Rekomendowane odpowiedzi

Opublikowano

witam,

pierwszy raz zabieram głos na tym forum więc proszę o wyrozumiałość

Jakiś czas temu moje rybki (pyszczaki) załapały ospę. Wyleczyłem je za pomocą Ichtio tropicala, i uratowałem część rybek, ale zaraz po tej kuracji wydaje mi się że woda zrobiła się destylowana, i mimo braku kropek na rybkach, zaczęły mi padać jedna po drugiej. Wtedy to właśnie uratowałem życie w akwarium dodając Sera Bio Nitrivec (biostarter jak kto woli). Woda wyklarowała się idealnie rybki przestały odchodzić do św. Piotra, ale....pojawiły się mi na kamieniach zielono szaro czarne "glony". Próbowałem usunąć je szczoteczką szorowałem zaparcie ale kamienie zaledwie lekko pojaśniały. Pomóżcie czym się tego pozbyć?

zdjęcia poniżej lub a>

20112011822.jpg20112011826.jpg20112011824.jpg20112011825.jpg

Opublikowano

Czy nie było tak że do akwarium wlałeś wody, szybko wrzuciłeś rybki, po niedługim czasie pojawiła się ospa? Po przeprowadzeniu leczenia, pomimo braku ospy ryby dalej padały a ty nawet nie zrobiłeś podstawowych testów?

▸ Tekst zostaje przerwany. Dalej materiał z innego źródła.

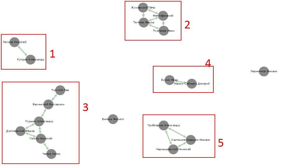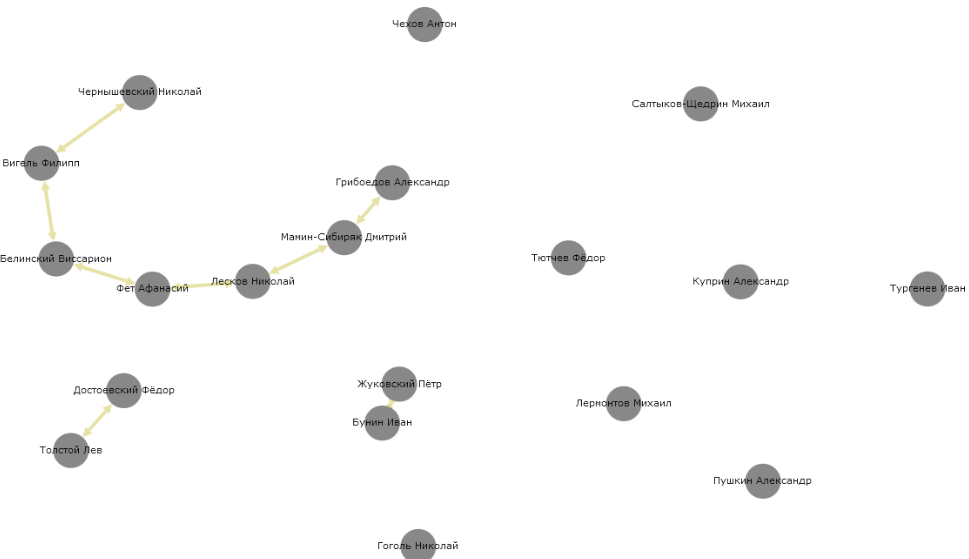 Для отслеживания "группировок" внутри исследуемой группы, а также взаимоотношений в них, мы реализовали дополнительный отчет - социограммы взаимных выборов.Рассмотрим все на том же примере с нашими писателями.

Jeśli jest tak jak mówię, to na początku ryby padały na ospę, potem osłabione padały bo parametry wody były nie halo, teraz cykl powolutku się stabilizuje i pojawiają ci się okrzemki.

Opublikowano
Czy nie było tak że do akwarium wlałeś wody, szybko wrzuciłeś rybki, po niedługim czasie pojawiła się ospa? Po przeprowadzeniu leczenia, pomimo braku ospy ryby dalej padały a ty nawet nie zrobiłeś podstawowych testów?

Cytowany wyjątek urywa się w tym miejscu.